Extract every entry word for word. Skip the pictures.
'''
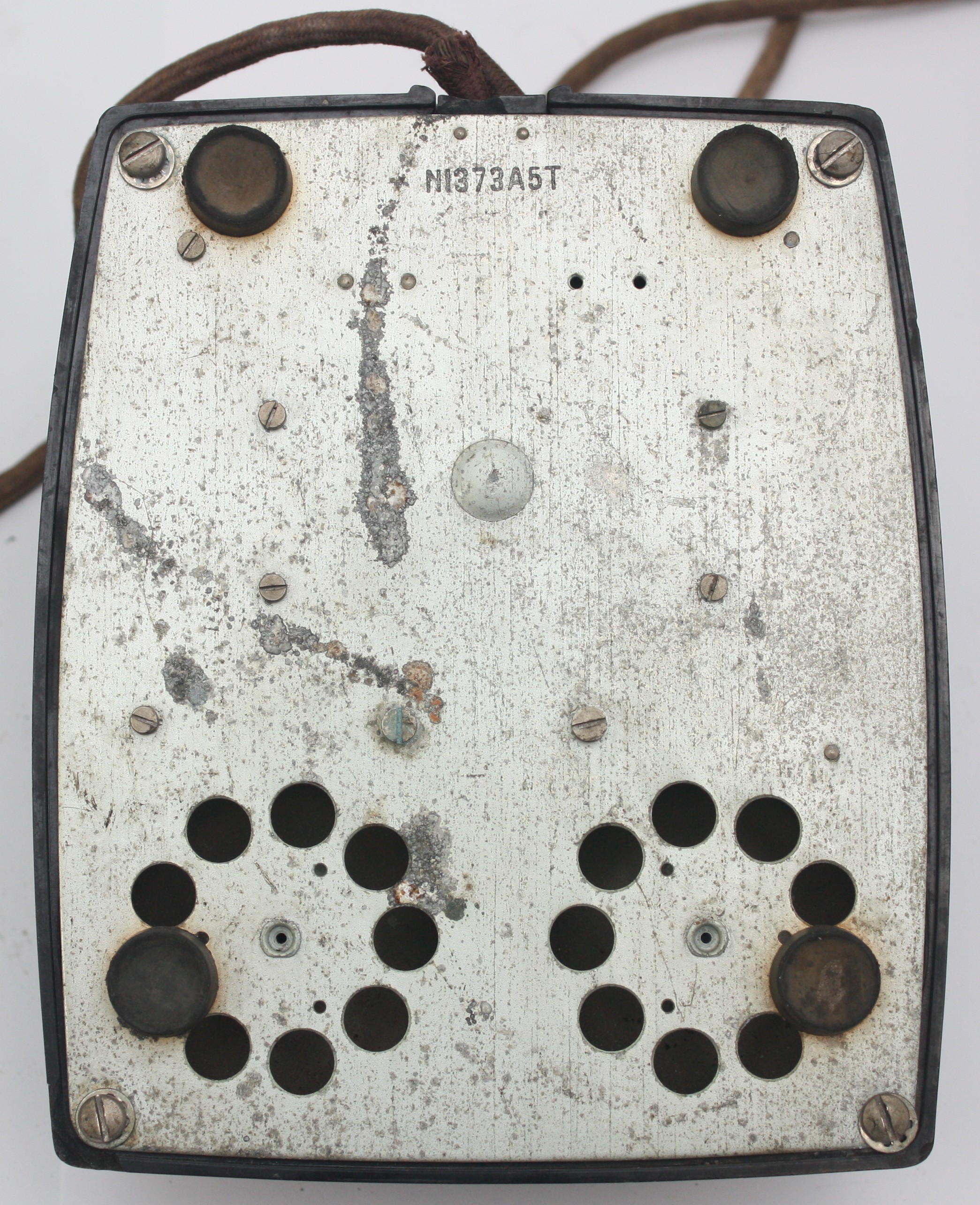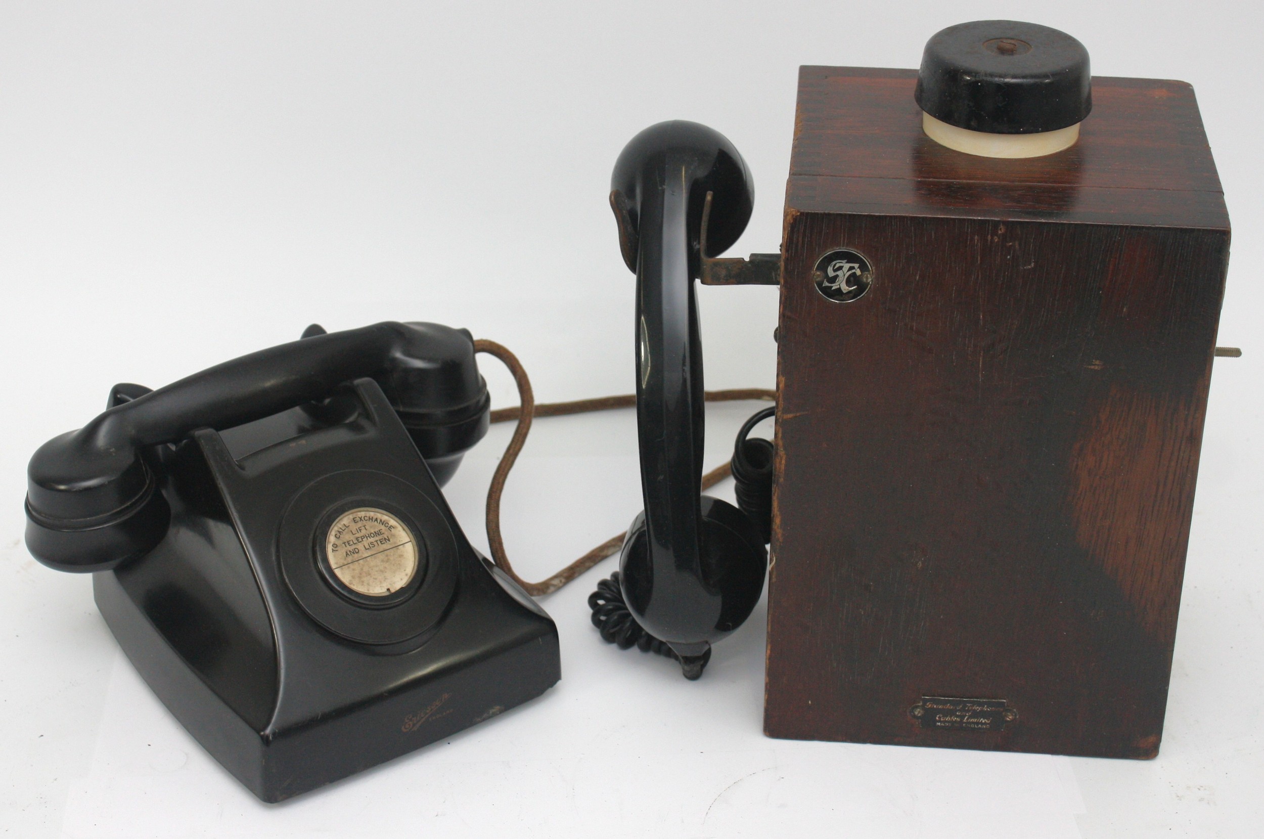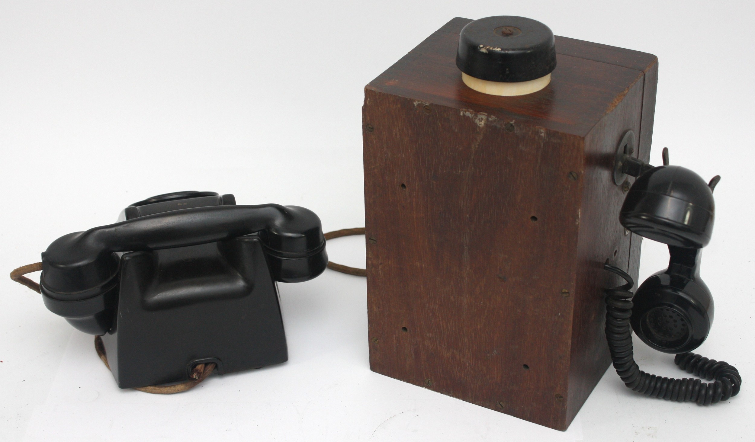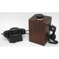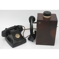 A wooden cased signal box shelf telephone and a black Bakelite internal office telephone- both with original internal wiring
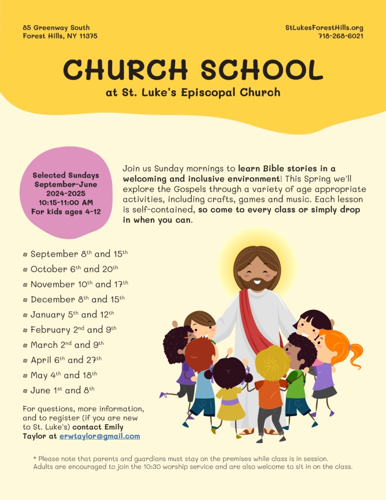 SEPTEMBER-JUNE: All children of school age are invited for faith formation and fun as we explore Bible stories, sacraments, the seasons of the Church year, service to others, and the teachings of Christ through a variety of age-appropriate activities and discussion. Older children and teens are encouraged to participate as classroom helpers (this is a great way for high schoolers to fill volunteer hours!) and we also extend a warm welcome to neuro-diverse kids and young adults who would benefit from a more informal Church experience.
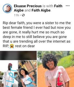 Read below: “This morning I was awakend by the sad and despicable events of what happened Yesterday and how a young 25 years old Faith Aigbe was lured by one Friday Ogieriakhi Iguodeyala AKA (Drugs) who claims to be the Ohen of Uho community to his house she was brutally assaulted and left to die inside a locked Lexus jeep
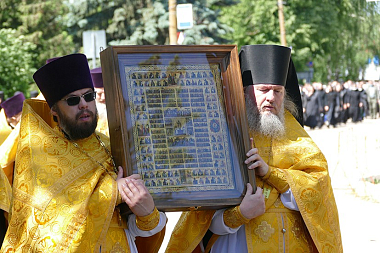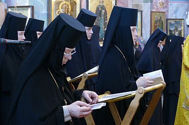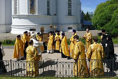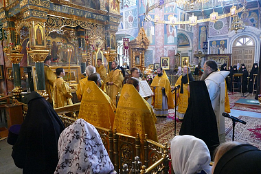 По окончании богослужения настоятельница монастыря игумения Сергия (Конкова), обратившись со словами приветствия к правящему архиерею, поблагодарила его от всей монастырской семьи за украшение престольного праздника монастыря своим участием в нем.
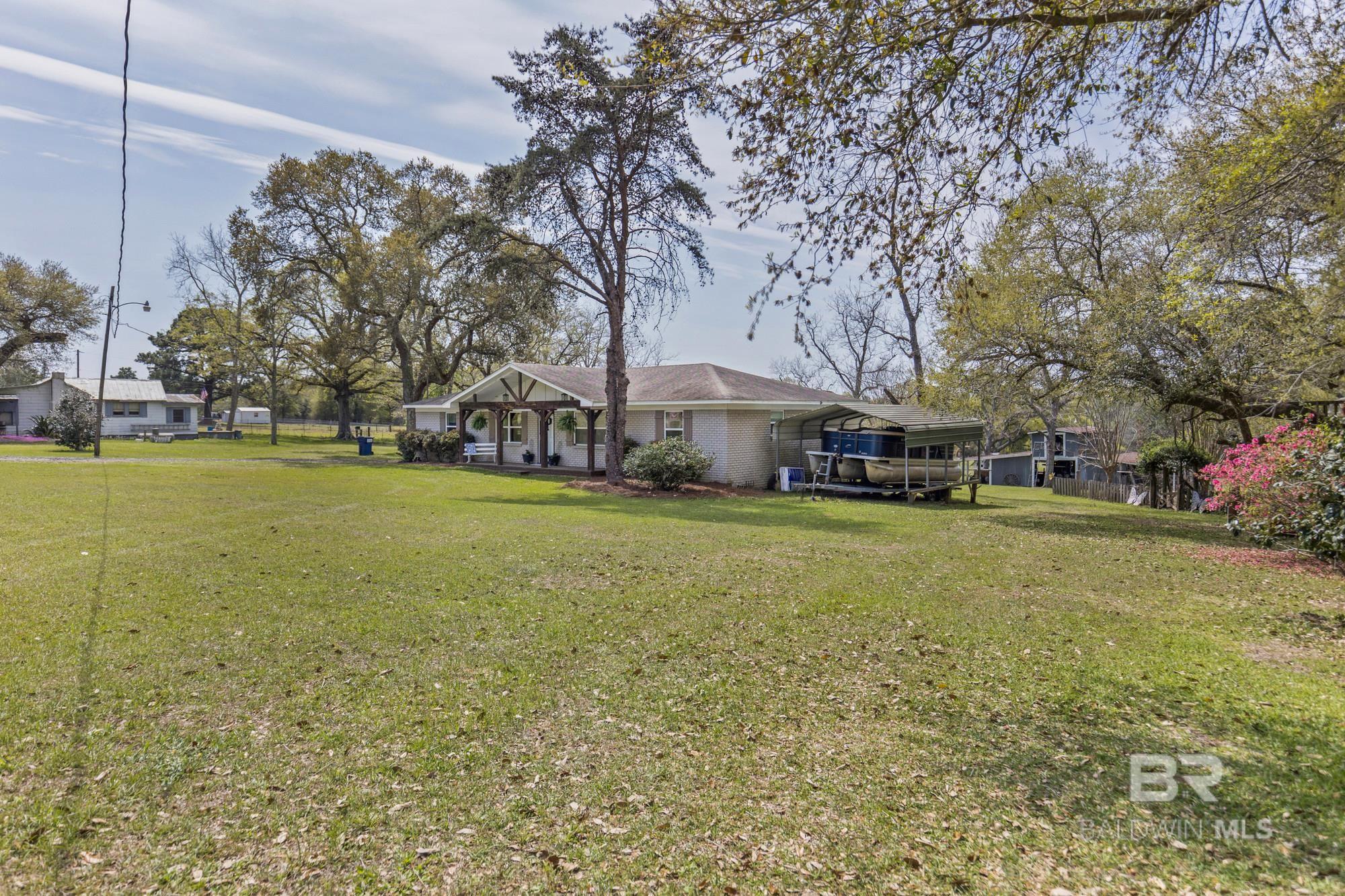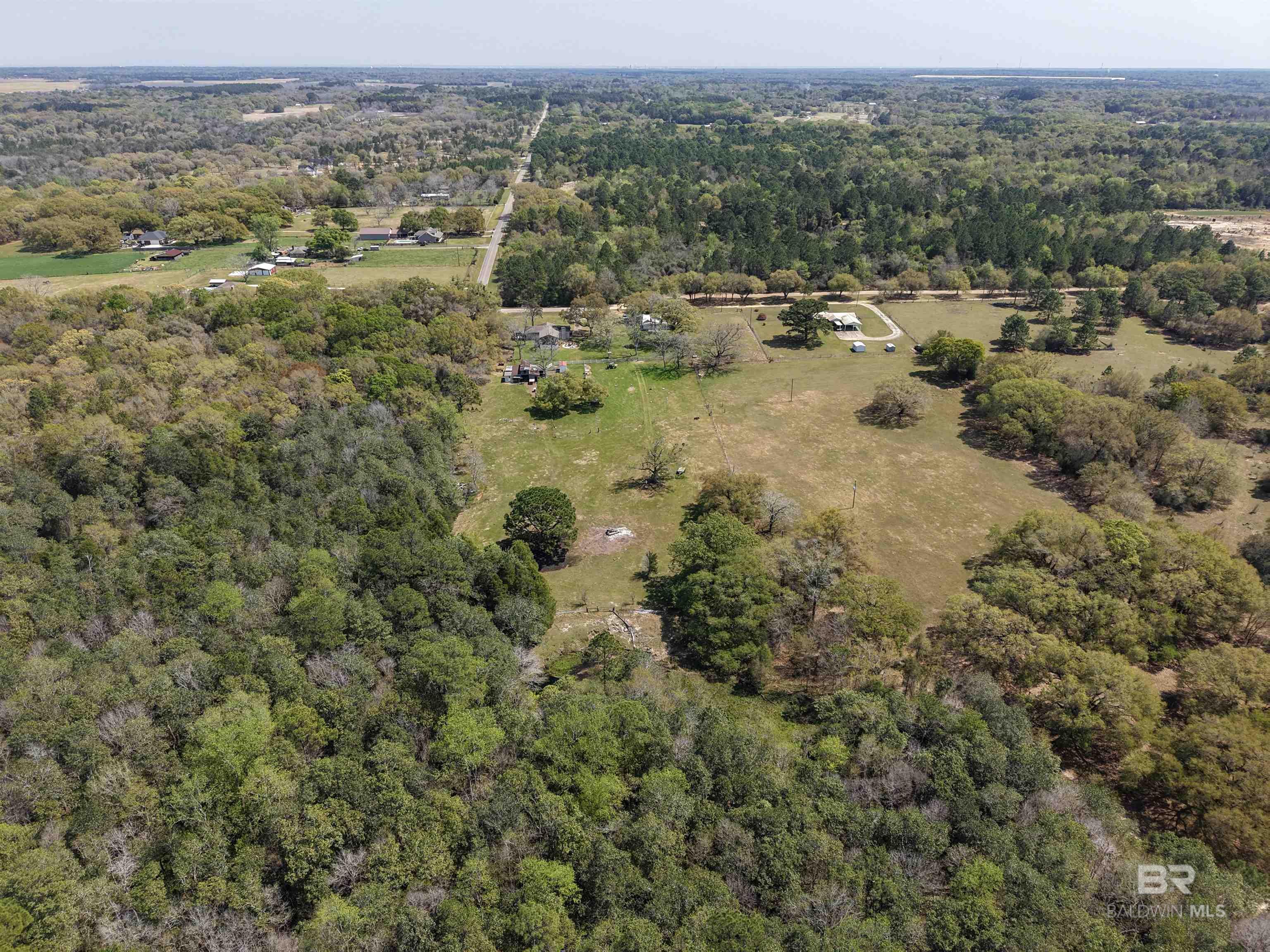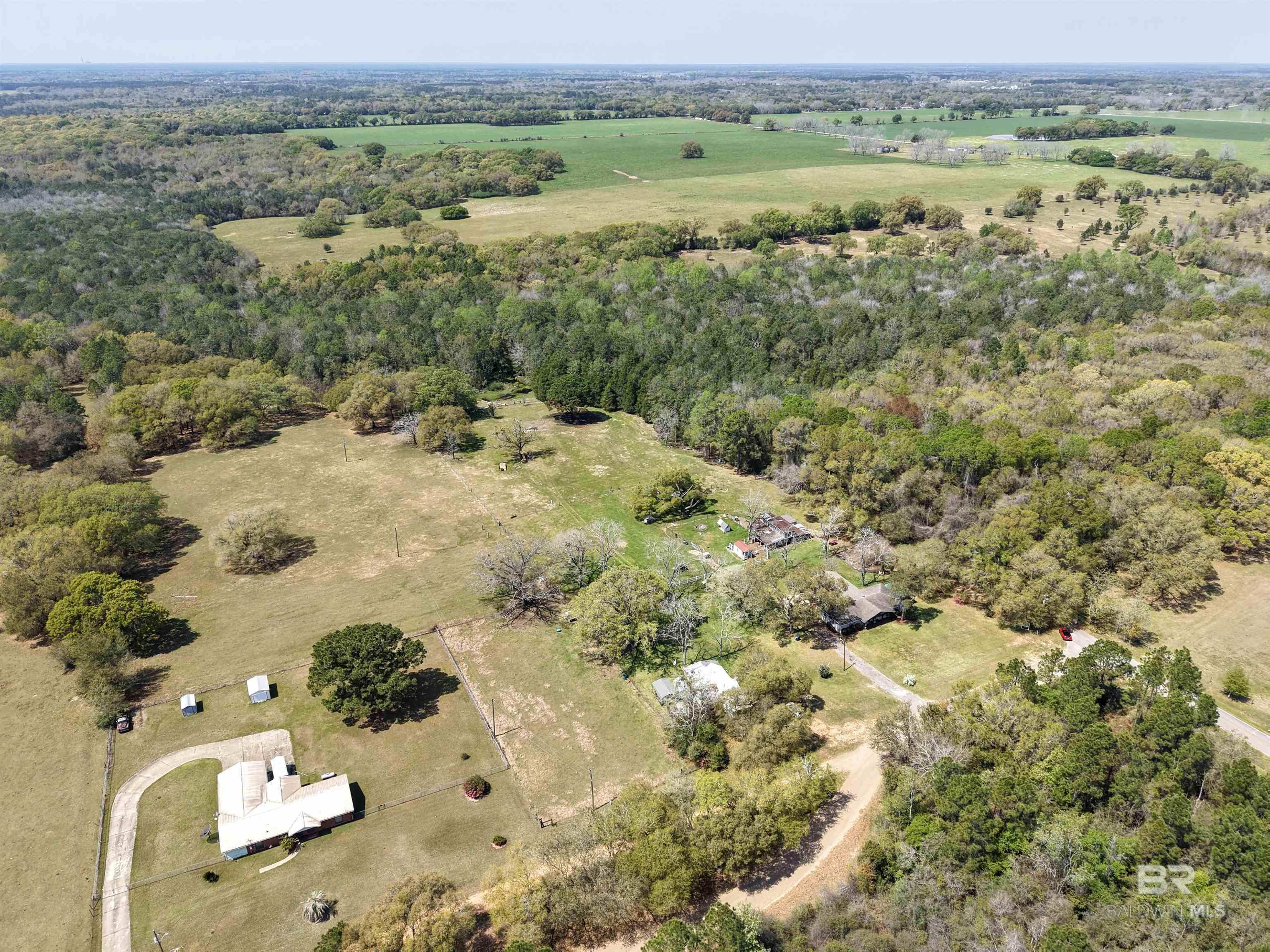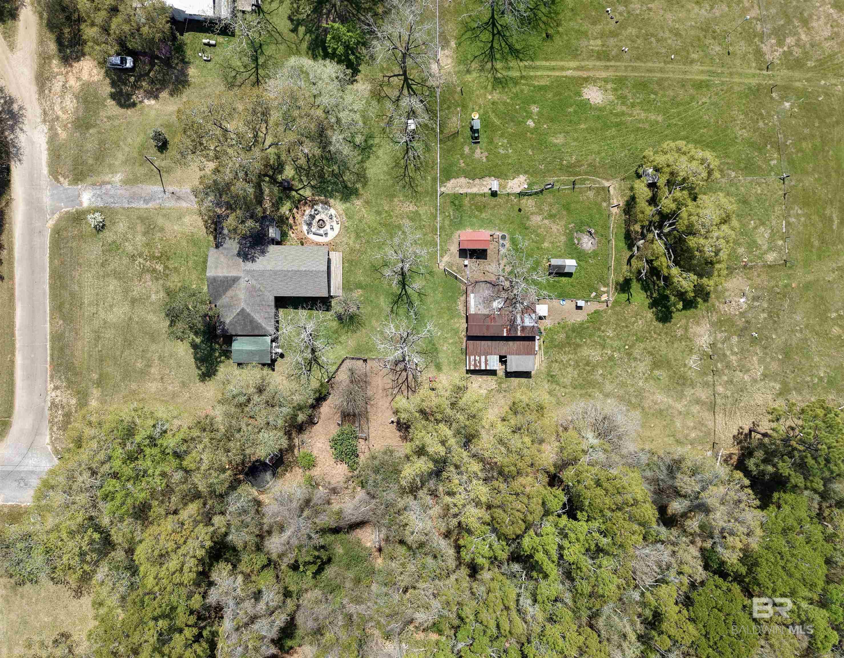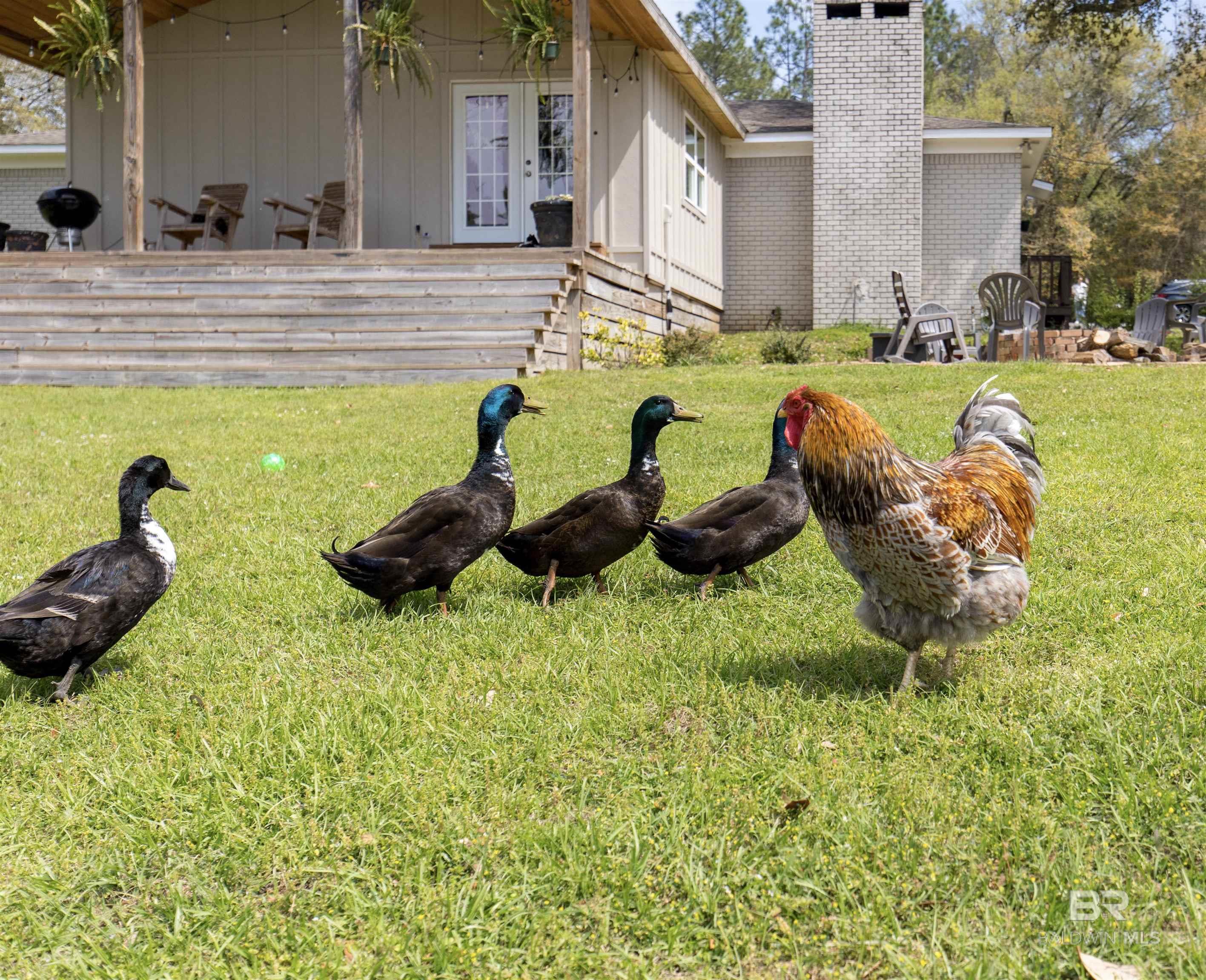 Welcome to this beautiful farmhouse-style ranch home in Theodore, AL, just minutes from I-10. This property features 6 acres of land, a huge, covered back deck, a flowing creek with some areas deep enough to swim, barn, chicken coop, storage shed, and a covered area for a boat or car. Inside, you'll find 4 bedrooms and 3 full baths, with a split bedroom layout and a sunroom off the primary suite. The open-concept living, dining, and kitchen area includes a spacious laundry room with office space off the living room, while the kitchen is equipped with an island, gas range, and pantry. Enjoy evenings on the back deck, overlooking the stunning oak trees and expansive acreage. The farm animals—pigs, goats, hens, a rooster—are optional with purchase. Per seller recent updates include: (roof 2019) windows (2023). Buyer or buyer's agent to verify all information deemed important to the buyer. Buyer to verify all information during due diligence.
'''
Expected answer ▸
 A wooden cased signal box shelf telephone and a black Bakelite internal office telephone- both with original internal wiring
 SEPTEMBER-JUNE: All children of school age are invited for faith formation and fun as we explore Bible stories, sacraments, the seasons of the Church year, service to others, and the teachings of Christ through a variety of age-appropriate activities and discussion. Older children and teens are encouraged to participate as classroom helpers (this is a great way for high schoolers to fill volunteer hours!) and we also extend a warm welcome to neuro-diverse kids and young adults who would benefit from a more informal Church experience.
 Read below: “This morning I was awakend by the sad and despicable events of what happened Yesterday and how a young 25 years old Faith Aigbe was lured by one Friday Ogieriakhi Iguodeyala AKA (Drugs) who claims to be the Ohen of Uho community to his house she was brutally assaulted and left to die inside a locked Lexus jeep
 По окончании богослужения настоятельница монастыря игумения Сергия (Конкова), обратившись со словами приветствия к правящему архиерею, поблагодарила его от всей монастырской семьи за украшение престольного праздника монастыря своим участием в нем.
 Welcome to this beautiful farmhouse-style ranch home in Theodore, AL, just minutes from I-10. This property features 6 acres of land, a huge, covered back deck, a flowing creek with some areas deep enough to swim, barn, chicken coop, storage shed, and a covered area for a boat or car. Inside, you'll find 4 bedrooms and 3 full baths, with a split bedroom layout and a sunroom off the primary suite. The open-concept living, dining, and kitchen area includes a spacious laundry room with office space off the living room, while the kitchen is equipped with an island, gas range, and pantry. Enjoy evenings on the back deck, overlooking the stunning oak trees and expansive acreage. The farm animals—pigs, goats, hens, a rooster—are optional with purchase. Per seller recent updates include: (roof 2019) windows (2023). Buyer or buyer's agent to verify all information deemed important to the buyer. Buyer to verify all information during due diligence.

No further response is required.